▶ _Your task_:
Below are records; the lines starting at the one with "C5~C7に影響があったため" and ending at the one with "To simulate the" must be reproduced exactly, both included. Pictures must not appear.

** Opening Data supplied block **

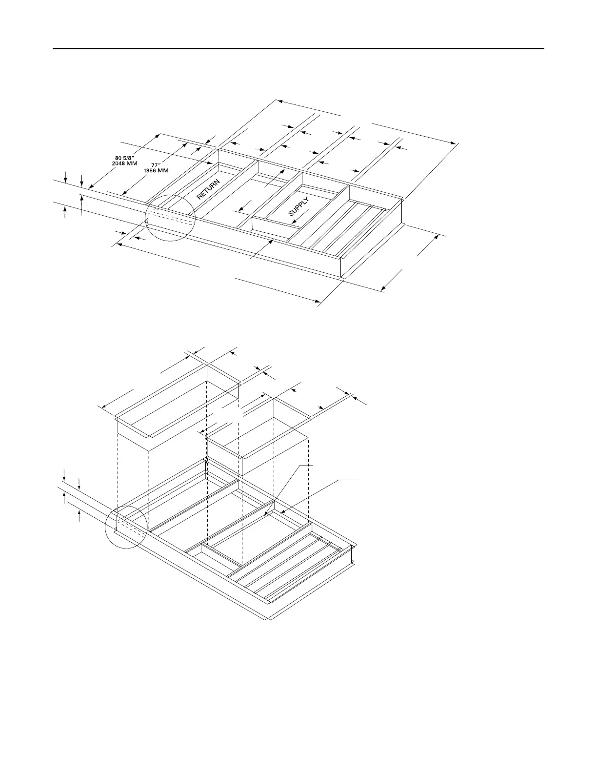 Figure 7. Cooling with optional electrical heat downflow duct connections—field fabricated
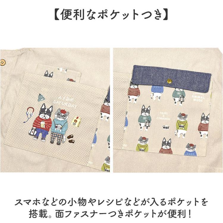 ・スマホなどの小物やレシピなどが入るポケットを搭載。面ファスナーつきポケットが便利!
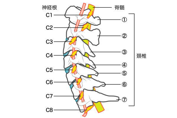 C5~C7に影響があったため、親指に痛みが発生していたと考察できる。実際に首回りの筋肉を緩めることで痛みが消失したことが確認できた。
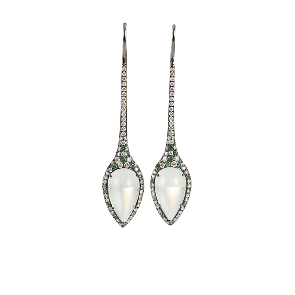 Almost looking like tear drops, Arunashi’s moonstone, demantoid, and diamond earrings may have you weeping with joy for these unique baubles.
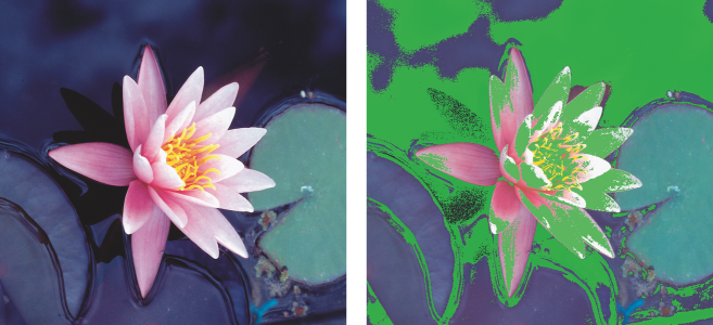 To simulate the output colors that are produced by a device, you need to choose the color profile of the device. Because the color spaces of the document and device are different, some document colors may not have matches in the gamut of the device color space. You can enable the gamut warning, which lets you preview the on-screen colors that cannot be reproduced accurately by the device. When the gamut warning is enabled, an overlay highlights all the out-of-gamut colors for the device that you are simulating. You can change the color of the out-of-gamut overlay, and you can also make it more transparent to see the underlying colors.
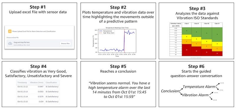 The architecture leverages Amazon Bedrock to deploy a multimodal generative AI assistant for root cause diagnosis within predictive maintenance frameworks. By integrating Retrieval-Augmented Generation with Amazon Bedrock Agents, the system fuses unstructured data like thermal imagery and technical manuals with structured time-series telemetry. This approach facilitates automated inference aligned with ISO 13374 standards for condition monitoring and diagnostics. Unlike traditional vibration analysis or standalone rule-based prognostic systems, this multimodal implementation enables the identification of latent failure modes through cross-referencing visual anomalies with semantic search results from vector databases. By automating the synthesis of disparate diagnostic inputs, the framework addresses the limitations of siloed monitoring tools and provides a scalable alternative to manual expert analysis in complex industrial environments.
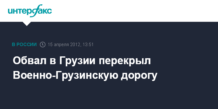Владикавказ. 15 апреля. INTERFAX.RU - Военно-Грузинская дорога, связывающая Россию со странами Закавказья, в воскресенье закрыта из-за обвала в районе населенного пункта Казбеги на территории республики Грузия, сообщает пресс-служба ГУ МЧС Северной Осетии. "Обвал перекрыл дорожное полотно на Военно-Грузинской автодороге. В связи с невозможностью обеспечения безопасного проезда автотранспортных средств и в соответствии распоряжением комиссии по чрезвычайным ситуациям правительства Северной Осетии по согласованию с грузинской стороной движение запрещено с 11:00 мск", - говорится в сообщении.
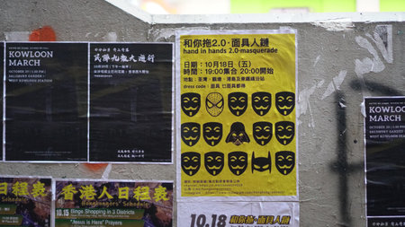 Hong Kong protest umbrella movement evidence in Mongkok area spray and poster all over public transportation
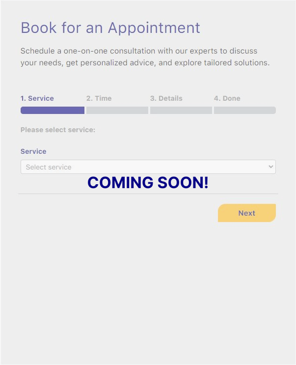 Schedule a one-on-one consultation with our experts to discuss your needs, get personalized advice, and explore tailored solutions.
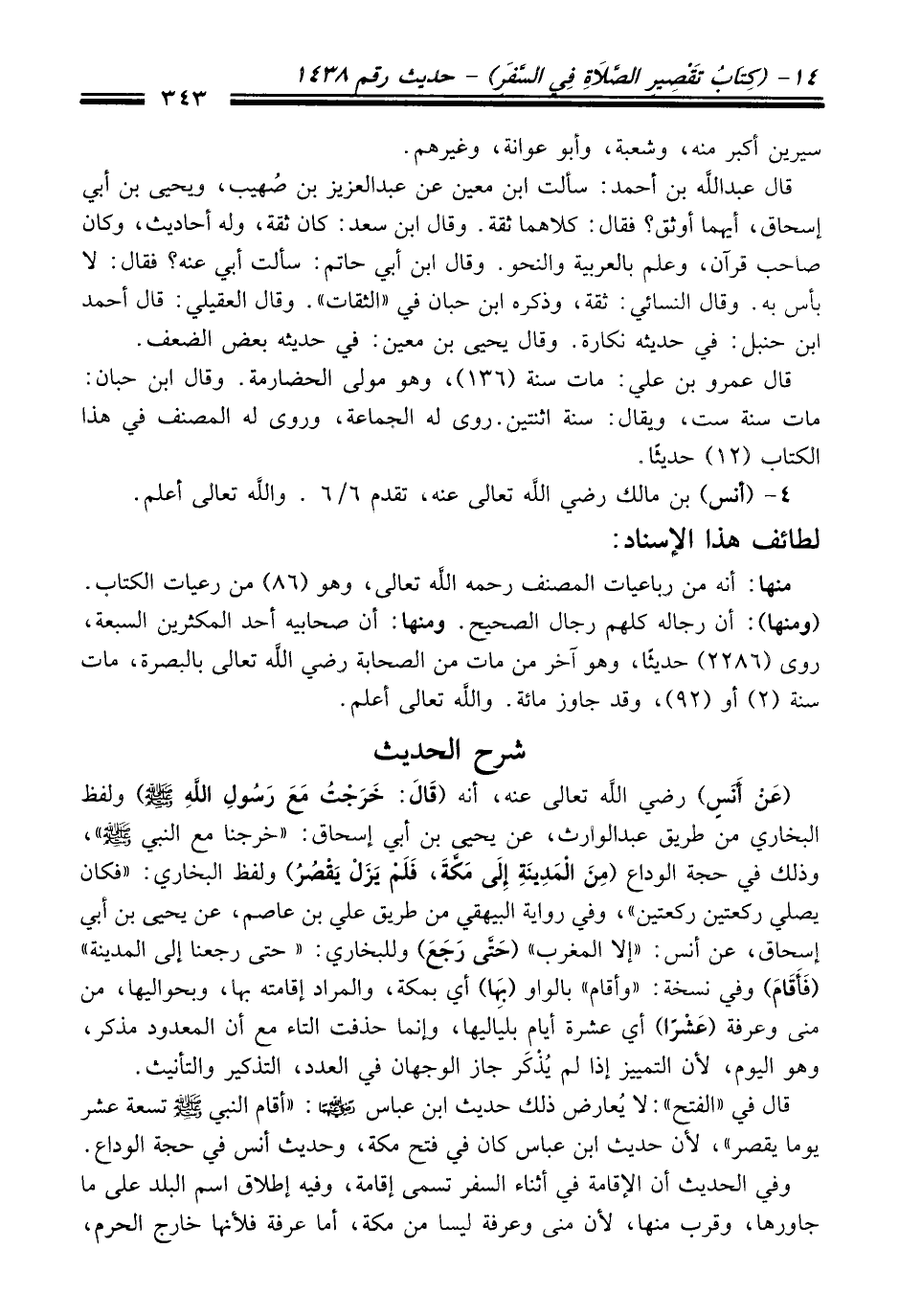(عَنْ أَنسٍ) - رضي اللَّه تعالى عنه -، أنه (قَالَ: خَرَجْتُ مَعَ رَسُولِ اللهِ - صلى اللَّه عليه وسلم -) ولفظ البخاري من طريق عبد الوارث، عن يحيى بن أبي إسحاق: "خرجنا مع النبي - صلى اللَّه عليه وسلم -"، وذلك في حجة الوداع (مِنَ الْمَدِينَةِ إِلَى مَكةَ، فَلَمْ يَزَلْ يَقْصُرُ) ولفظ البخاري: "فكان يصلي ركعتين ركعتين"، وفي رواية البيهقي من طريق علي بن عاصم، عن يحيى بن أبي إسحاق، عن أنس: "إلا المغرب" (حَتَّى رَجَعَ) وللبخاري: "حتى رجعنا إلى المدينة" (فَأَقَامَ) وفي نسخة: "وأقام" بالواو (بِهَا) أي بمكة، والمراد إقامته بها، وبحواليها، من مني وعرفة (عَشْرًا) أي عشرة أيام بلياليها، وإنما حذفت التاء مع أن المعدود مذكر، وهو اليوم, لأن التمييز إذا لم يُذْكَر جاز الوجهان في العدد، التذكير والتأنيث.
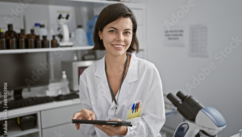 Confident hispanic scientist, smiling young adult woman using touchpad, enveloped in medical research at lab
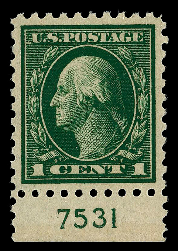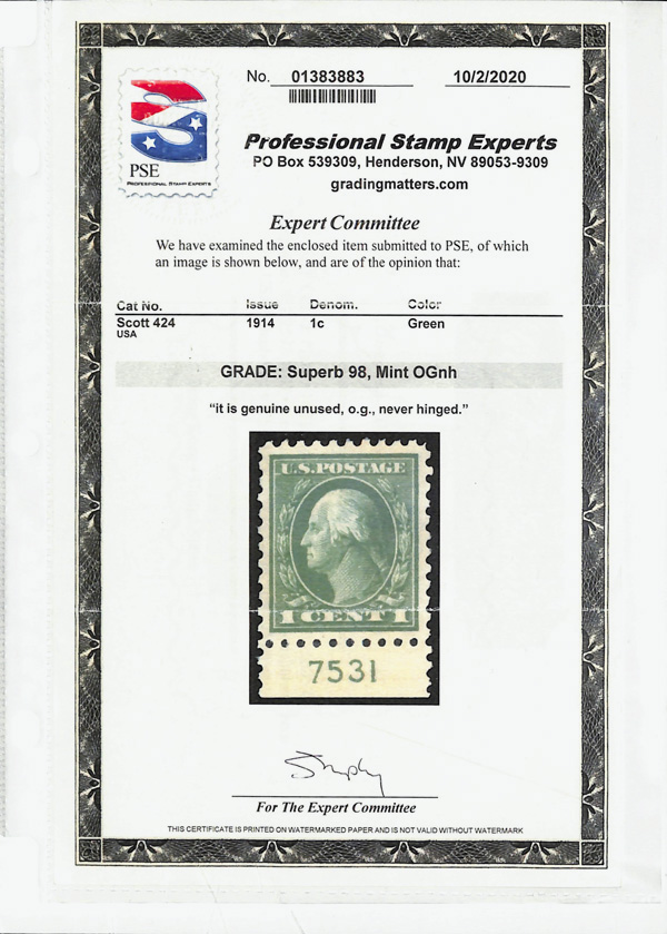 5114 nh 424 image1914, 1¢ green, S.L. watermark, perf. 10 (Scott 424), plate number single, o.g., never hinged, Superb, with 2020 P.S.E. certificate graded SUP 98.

** Closing Data supplied block **
** Opening Data supplied block **

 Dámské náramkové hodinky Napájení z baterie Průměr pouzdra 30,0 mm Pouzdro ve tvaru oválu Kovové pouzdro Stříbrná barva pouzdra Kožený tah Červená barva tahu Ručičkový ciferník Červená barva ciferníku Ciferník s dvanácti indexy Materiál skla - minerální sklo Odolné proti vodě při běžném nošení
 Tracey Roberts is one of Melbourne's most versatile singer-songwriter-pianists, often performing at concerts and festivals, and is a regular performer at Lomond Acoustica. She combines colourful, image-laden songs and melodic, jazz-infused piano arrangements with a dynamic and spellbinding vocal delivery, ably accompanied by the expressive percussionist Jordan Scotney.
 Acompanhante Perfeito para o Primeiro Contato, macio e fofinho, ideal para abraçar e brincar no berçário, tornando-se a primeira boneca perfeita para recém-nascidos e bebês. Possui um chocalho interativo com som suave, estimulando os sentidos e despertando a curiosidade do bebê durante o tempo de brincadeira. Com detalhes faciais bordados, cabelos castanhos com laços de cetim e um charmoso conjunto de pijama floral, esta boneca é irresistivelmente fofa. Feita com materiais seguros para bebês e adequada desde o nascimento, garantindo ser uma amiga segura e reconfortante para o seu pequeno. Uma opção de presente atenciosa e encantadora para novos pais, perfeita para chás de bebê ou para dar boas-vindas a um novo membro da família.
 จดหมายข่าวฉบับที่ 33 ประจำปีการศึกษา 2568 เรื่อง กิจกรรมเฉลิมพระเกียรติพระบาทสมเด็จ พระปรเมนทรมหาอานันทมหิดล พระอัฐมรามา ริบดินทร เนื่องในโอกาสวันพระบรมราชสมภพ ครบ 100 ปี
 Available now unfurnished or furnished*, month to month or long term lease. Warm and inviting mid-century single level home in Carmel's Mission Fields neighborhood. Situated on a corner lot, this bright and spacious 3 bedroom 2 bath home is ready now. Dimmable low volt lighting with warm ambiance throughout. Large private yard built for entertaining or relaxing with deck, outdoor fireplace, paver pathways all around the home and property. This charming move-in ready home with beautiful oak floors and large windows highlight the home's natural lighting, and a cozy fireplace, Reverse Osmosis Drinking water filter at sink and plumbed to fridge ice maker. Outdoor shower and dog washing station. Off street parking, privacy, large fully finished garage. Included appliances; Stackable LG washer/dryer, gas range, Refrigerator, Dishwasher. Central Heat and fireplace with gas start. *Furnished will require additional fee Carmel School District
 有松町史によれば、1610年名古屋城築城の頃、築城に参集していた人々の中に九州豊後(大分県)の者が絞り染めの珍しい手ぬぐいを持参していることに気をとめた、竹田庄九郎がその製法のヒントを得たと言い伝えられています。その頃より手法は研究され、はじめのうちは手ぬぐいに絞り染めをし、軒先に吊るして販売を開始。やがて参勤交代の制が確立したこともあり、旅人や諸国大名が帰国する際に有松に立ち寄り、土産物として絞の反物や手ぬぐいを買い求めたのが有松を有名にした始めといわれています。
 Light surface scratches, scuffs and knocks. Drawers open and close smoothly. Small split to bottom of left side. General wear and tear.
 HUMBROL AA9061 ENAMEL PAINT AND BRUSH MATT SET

** Closing Data supplied block **
** Opening Data supplied block **

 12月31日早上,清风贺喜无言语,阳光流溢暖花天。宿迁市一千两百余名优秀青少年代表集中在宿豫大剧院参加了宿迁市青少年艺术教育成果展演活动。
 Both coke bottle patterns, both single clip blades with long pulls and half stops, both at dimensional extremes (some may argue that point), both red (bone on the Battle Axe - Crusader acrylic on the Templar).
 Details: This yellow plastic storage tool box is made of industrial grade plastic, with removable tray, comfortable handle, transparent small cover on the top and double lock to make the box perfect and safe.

** Closing Data supplied block **

▶ _Reply_:
 C5~C7に影響があったため、親指に痛みが発生していたと考察できる。実際に首回りの筋肉を緩めることで痛みが消失したことが確認できた。
 Almost looking like tear drops, Arunashi’s moonstone, demantoid, and diamond earrings may have you weeping with joy for these unique baubles.
 To simulate the output colors that are produced by a device, you need to choose the color profile of the device. Because the color spaces of the document and device are different, some document colors may not have matches in the gamut of the device color space. You can enable the gamut warning, which lets you preview the on-screen colors that cannot be reproduced accurately by the device. When the gamut warning is enabled, an overlay highlights all the out-of-gamut colors for the device that you are simulating. You can change the color of the out-of-gamut overlay, and you can also make it more transparent to see the underlying colors.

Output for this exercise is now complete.